### [Work item]
Could you retype exactly the lines below between the one holding "41C Pompa Pulipomp per lavaggio vasche" and the one holding "Un champion très discret.", inclusive, leaving out any pictures?

[Records from a data source]
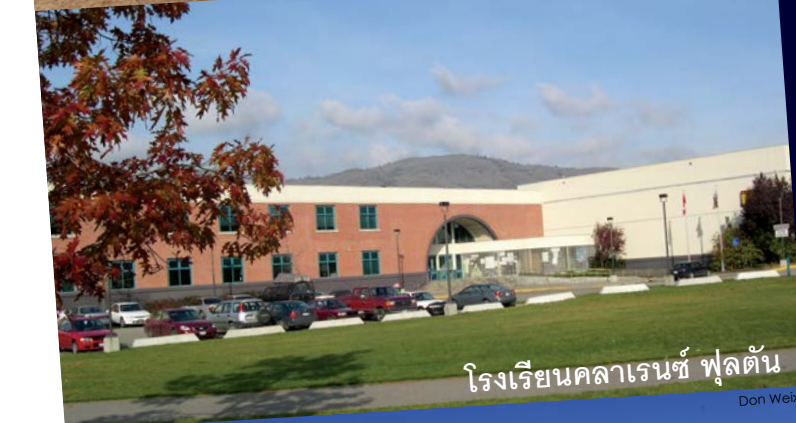
โรงเรียนคลาเรนซ์ ฟูลตัน
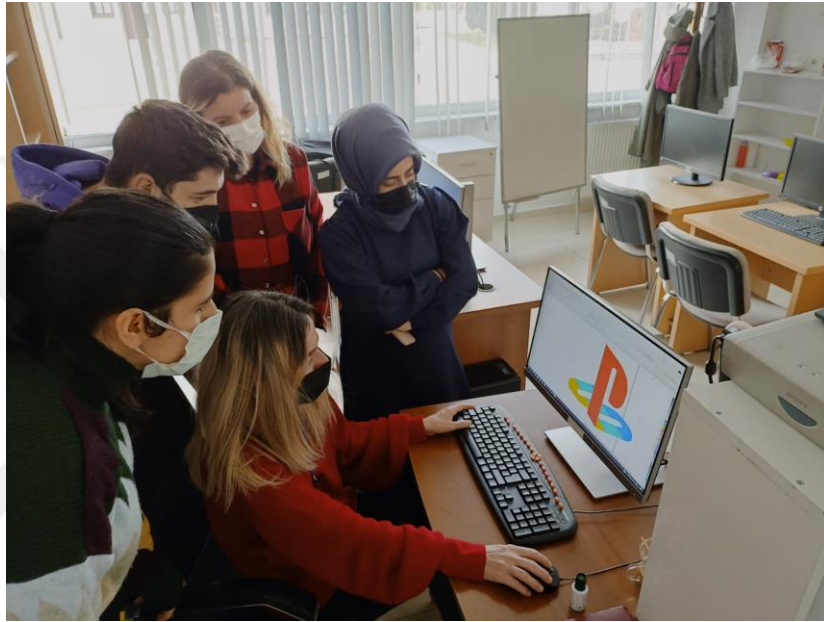
Resim 29. MABESEM’de Grafik Tasarım Kursu

Grafik tasarım kursu MABESEM’de kurulan grafik tasarım atölyesinde hafta içi farklı saat aralığında sabah 9.00- 12.00, öğlen 13.00- 16.00 saatleri arasında yetişkin öğrenci grubuna verilmektedir. Grafik-Tasarım kursu ile kursiyerlere CorelDraw ara yüzünü kullanmayı öğretmek, sayfa ve belgeleri kontrol etmesini ve temel nesne şekillerini oluşturabilmesini sağlamak, grafikleri metin içerisinde veya tek başına etkin şekilde kullanabilmesini sağlamak amaçlanmaktadır (MEB, 2017: 2-3).
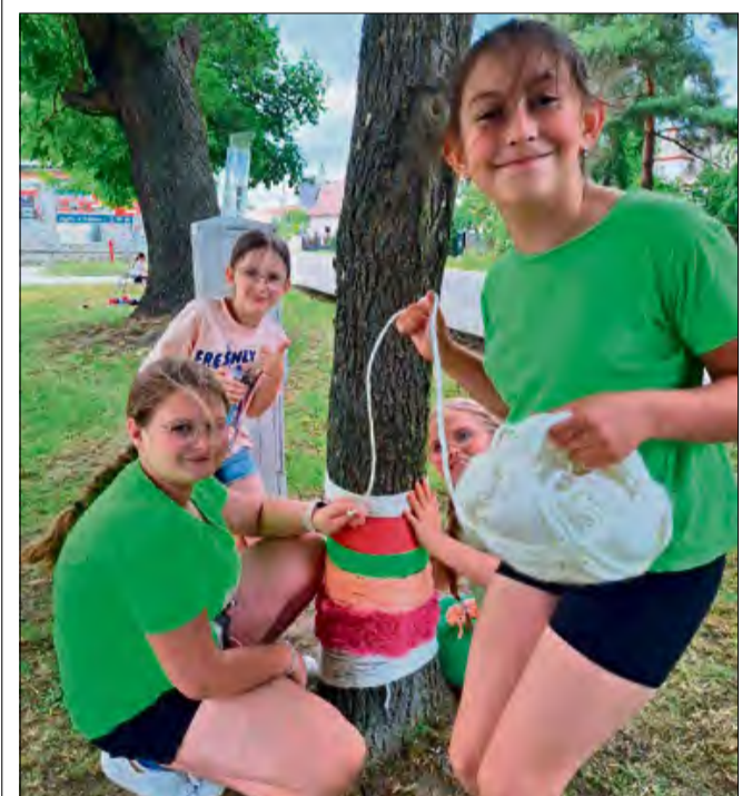
Kolor, wyobraźnia i wspólna zabawa.

24 czerwca drzewa przy Gminnym Ośrodku Kultury w Walcach na chwilę zamieniły się w... galerię sztuki! Wszystko za sprawą wyjątkowych międzynarodowych warsztatów plastycznych, które połączyły dzieci z Polski i Czech w radosnym, kolorowym i bardzo kreatywnym działaniu.
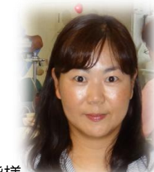
お世話になりました!

開設日・時間:月曜日~金曜日 9時~17時 (交流センター休館日・祝日は除く) 連絡先: 電話 046-873-8037 FAX 046-872-2519 Eメール vc@zushi-shakyo.com
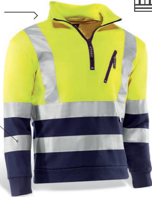
HV792 KENYA Amarillo flúor-Marino / Amarelo florescente-Azul marinho
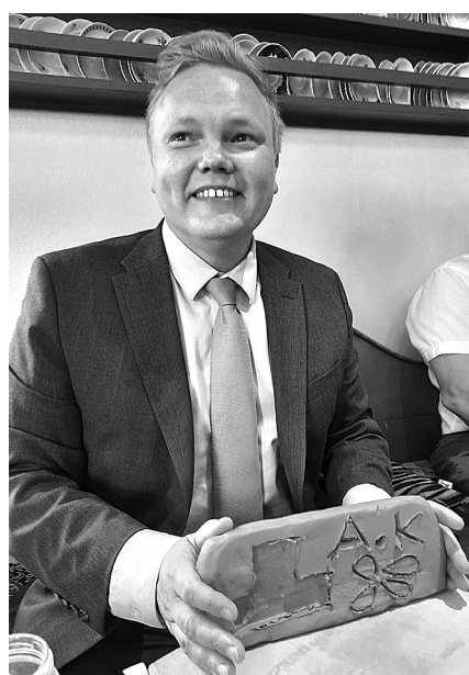
Ministeri Antti Kurvinen muovaili vierailullaan ministerin batun, nimikirjaimensa sekä keskustapuolueen neliapilan.
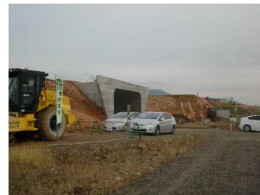
萩野地区(尾花沢方向)
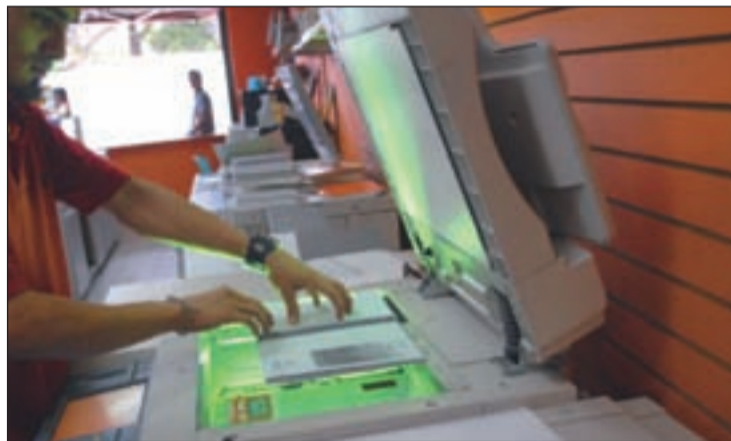
Sala de fotocopias de una universidad española

CEDRO afirma que algunas universidades públicas, y más concretamente las denunciadas, utilizan sus Campus Virtuales para la difusión de ciertas obras de manera ilícita sin respetar los
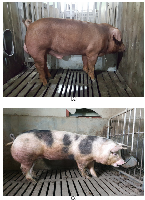
Fig. 1. (A) Duroc (B) Crossbred(Duroc×Pietrain×Pietrain) pigs

실험에 사용된 사료는 돼지 검정사료(농림축산식품부 고시 제2018-63호) 기준에 준하여 배합하였고, 사양관리는 돼지 검정방법(농림축산식품부고시 제2018-3호)에 준하여 실시하였다.
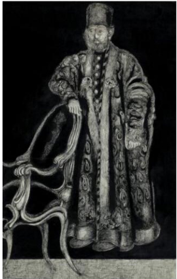
تصویر ۲. شاهزاده قاجار، اردشیر محمص، ۱۳۹۲، قلم آهنی و مرکب روی مقوا.

از کارهای جلالی تدوین و اصلاح نگاتیوهای شیشه‌ای گنجینه کاخ گلستان بود که با نگاهی متفاوت، با مونتاژ عکس‌های مربوط به دوره قاجار، مجموعه آثاری با عنوان «تصویر خیال: سیاه و سفید» و در ادامه «تصویر خیال: قرمز» را به وجود آورد. این آثار، در نگاه نخست ارجاع مستقیمی به دوره قاجار دارند که برای مخاطب آشناست اما در لایه‌های دیگر، نشانی از گرافیک، نقاشی و خط‌نوشته‌ها با بیان نمادین دیده می‌شوند. آنچه این مجموعه آثار را در رده هنر معاصر قرار می‌دهد، بازتاب دوره قاجار نیست بلکه برقراری پیوند تصویر با ادبیات و یادآوری مسائل فرهنگ ایرانی است که از ویژگی‌های مهم این مجموعه به شمار می‌رود (تصویر ۳).
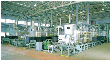
無人運転無酸化球状化焼鈍炉
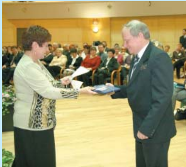
A főtitkár a kerek évfordulókat is köszöntötte
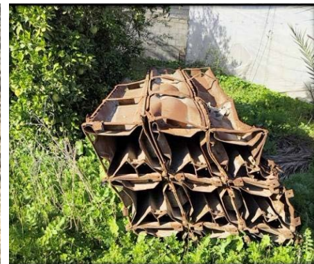
משגרי רקטות בדרום רצועת עזה (דובר צה"ל, 14 בינואר 2026)

◀ ב-13 בינואר 2026, סוכלו שישה מחבלים חמושים שזוהו במערב רפיח וירו לעבר הלוחמים ולעבר אחד הטנקים. בתגובה, בוצעו תקיפות נגד פעילי טרור בולטים מחמאס ומהג'האד האסלאמי בפלסטין (הגא"פ)
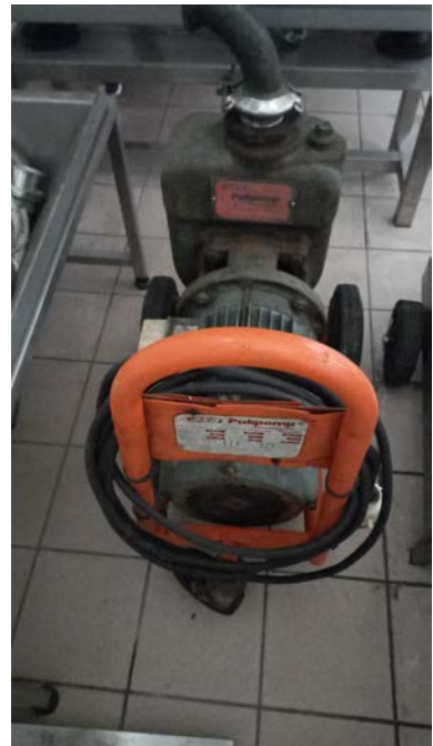
41C Pompa Pulipomp per lavaggio vasche
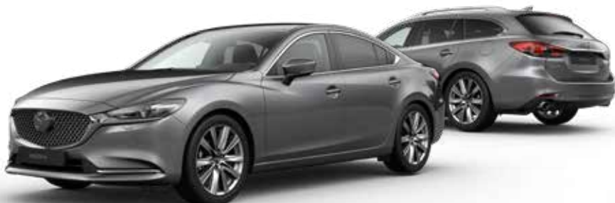
MACHINE GRAY METALLIC
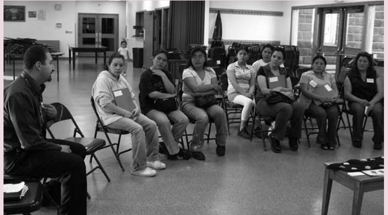
Participants talk to the Parent Coordinator for the Yakima school district about their concerns.

Los Círculos de Monroe, Yakima y Sunnyside están unidos en sus esfuerzos para disminuir la discriminación y crear ambientes positivos y saludables para el aprendizaje en sus escuelas. En Sunnyside el distrito escolar ahora consulta a las líderes del Círculo de Justicia para sus consejos. Se están formando nuevas relaciones con el personal del distrito en Monroe y Yakima.
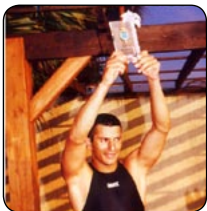
Un champion très discret.
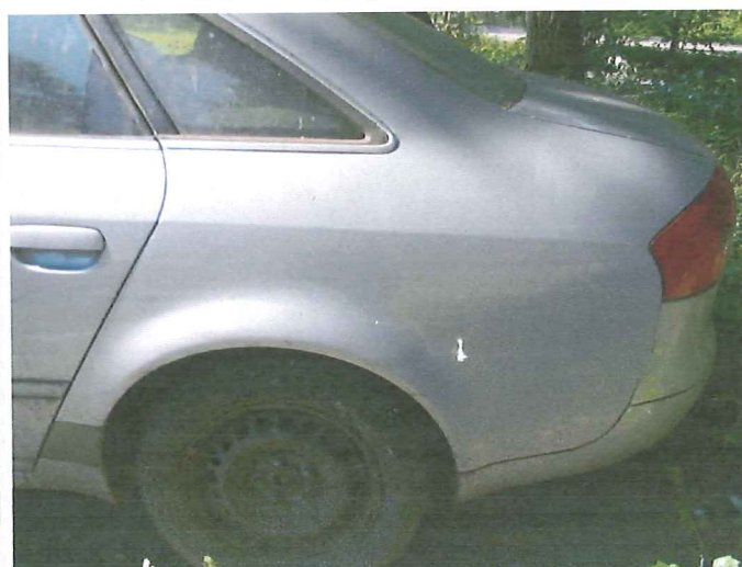
22 Poszycie t.l. - głębokie rysy powłoki lakierowej.
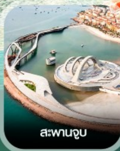
สะพานจูป
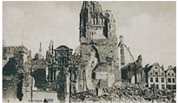
Hôtel de ville & Belfroy aujourd'hui (à gauche) - Ruines après les bombardements de la 1GM (à droite)

L'Hôtel de ville et le Belfroy dominent la place. En 1914, 69 tirs d'obus s'abattent sur l'Hôtel de ville et sur le Belfroy. L'ensemble est reconstruit à l'identique entre 1922 et 1932 dans un style gothique par l'architecte Pierre Paquet (architecte en chef des monuments historiques). Devenu le symbole de la ville, le Belfroy de 75 m de haut est non seulement la fierté des arrageois mais aussi une fierté nationale. En 2015, il est élu " monument préféré des français ".
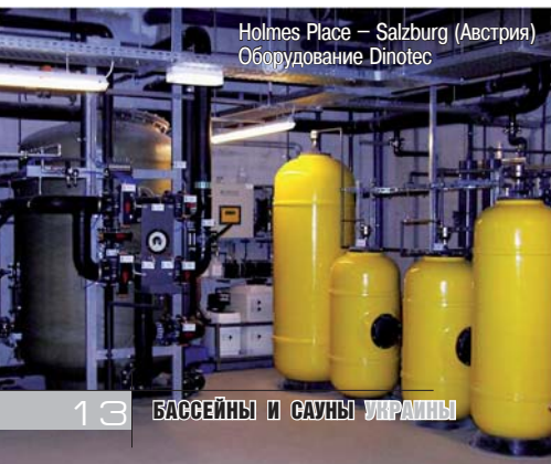
Holmes Place – Salzburg (Австрия) Оборудование Dinotec

В октябре на выставке Aquanale-2011 в Кёльне посетители и специалисты с боль-
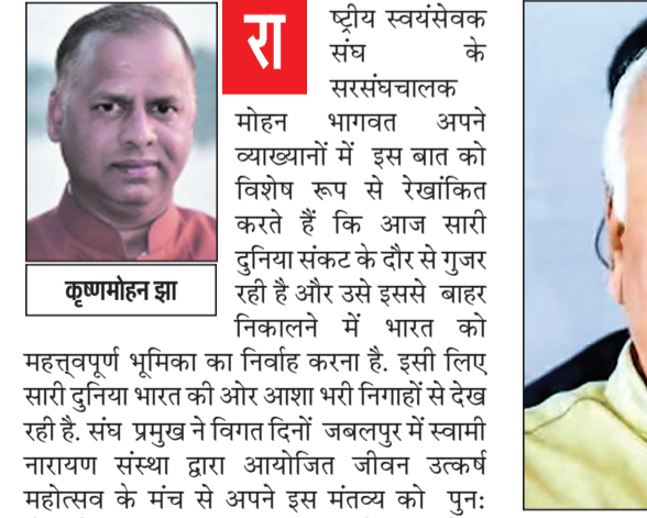
मोहन भागवत अपने व्याख्यानों में इस बात को विशेष रूप से रेखांकित करते हैं कि आज सारी दुनिया संस्कृत के दौर से गुजर रही है और उसे इससे बाहर निकालने में भारत को महत्वपूर्ण भूमिका का निर्वाह करना है. इसी लिए सारी दुनिया भारत की ओर आशा भरी निगाहों से देख रही है. संघ प्रमुख ने विगत दिनों जबलपुर में स्वामी नारायण संस्था द्वारा आयोजित जीवन उत्कर्ष महोत्सव के मंच से अपने इस संतव्य को पुनः दोहराते हुए कहा कि दुनिया भारत से यह अपेक्षा इसलिए रखती है क्योंकि भारत ने अपनी संस्कृति और आध्यात्मिकता की धरोहर को आज भी संजोकर रखा है और उसने हमेशा धर्म और संस्कृति के मार्ग का अनुसरण किया है. यही कारण है कि भारत ने समय समय पर दुनिया को सही मार्ग दिखाने का दायित्व निभाने में सफल हुआ है. भागवत ने कहा कि सामान्य भाषा में संस्कृति का अर्थ है संस्कार युक्त आचरण. एक दूसरे के प्रति सद्भावना और आत्मन्यता का भाव होने से समाज में सौहार्द बना रहता है अन्यथा शत्रुतापूर्ण संबंध होते हैं और झगड़े बढ़ते हैं.

### [Written response]
41C Pompa Pulipomp per lavaggio vasche
MACHINE GRAY METALLIC
Participants talk to the Parent Coordinator for the Yakima school district about their concerns.

Los Círculos de Monroe, Yakima y Sunnyside están unidos en sus esfuerzos para disminuir la discriminación y crear ambientes positivos y saludables para el aprendizaje en sus escuelas. En Sunnyside el distrito escolar ahora consulta a las líderes del Círculo de Justicia para sus consejos. Se están formando nuevas relaciones con el personal del distrito en Monroe y Yakima.
Un champion très discret.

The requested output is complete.